Oando Plc disclosed that it has received an offer from its core shareholder, Ocean and Oil Development Partners Limited (OODP), to acquire the shares of all minority shareholders in the company. Following the acquisition, the company will be delisted from NGX and JSE and re-registered as a private company. Under the Scheme, each Scheme Shareholder shall be entitled to receive the sum of N7.07 in cash or its equivalent in South African Rand (ZAR) for every ordinary share held by qualified Scheme Shareholders at the Effective Date of the Scheme.

What does it mean?

In this situation, there are two possible outcomes to consider. The first is the possibility of a revised offer, which would be higher than the previous N7.07 that was offered. The second possibility is the cancellation of the proposed scheme altogether.

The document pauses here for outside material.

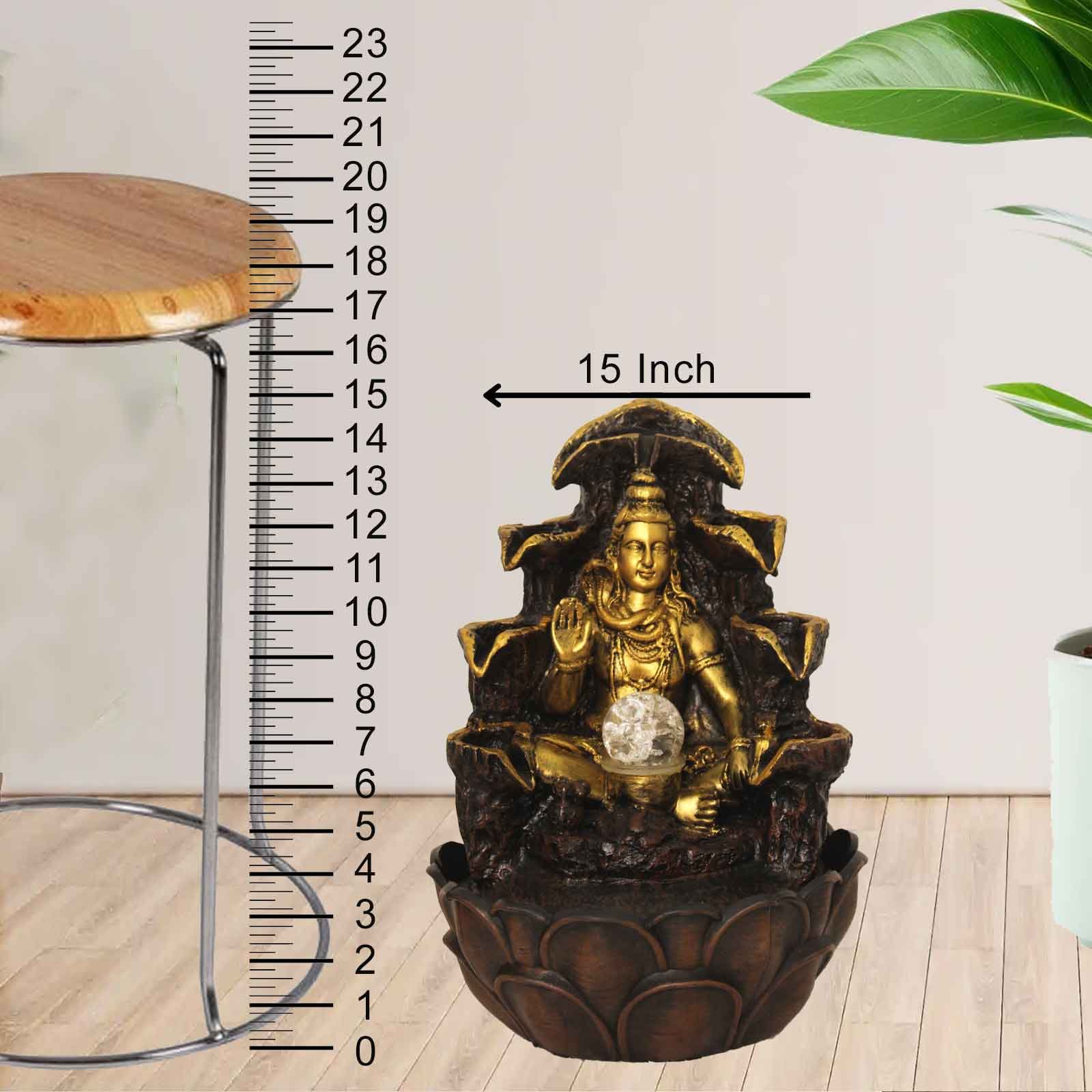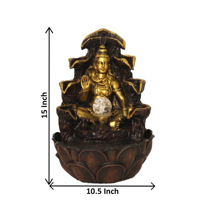 God Shiv indoor waterfall for home With Led Light & Crystal Ball - Metalic Antiq...

It is worth noting that Oando has not made dividend payments to shareholders in recent years.

Valued by its assets, the company’s book value stands at about N111.00.  The company was loss-making in previous years but recorded a profit in its recently released 2021 audit. 

The market awaits 2022 audited reports to be released later this year.

Historically, when a majority shareholder wants to buy out the minority shareholders, they buy the shares of the minority shareholders at a predetermined price, or at a price determined by an appropriate valuation technique specified in an agreement (usually at a premium), in order to compel the minority shareholders to sell.

Our view

We believe that this is a good opportunity for investors with trading appetite to take position in Oando as we foresee volatility in the shares in the coming days.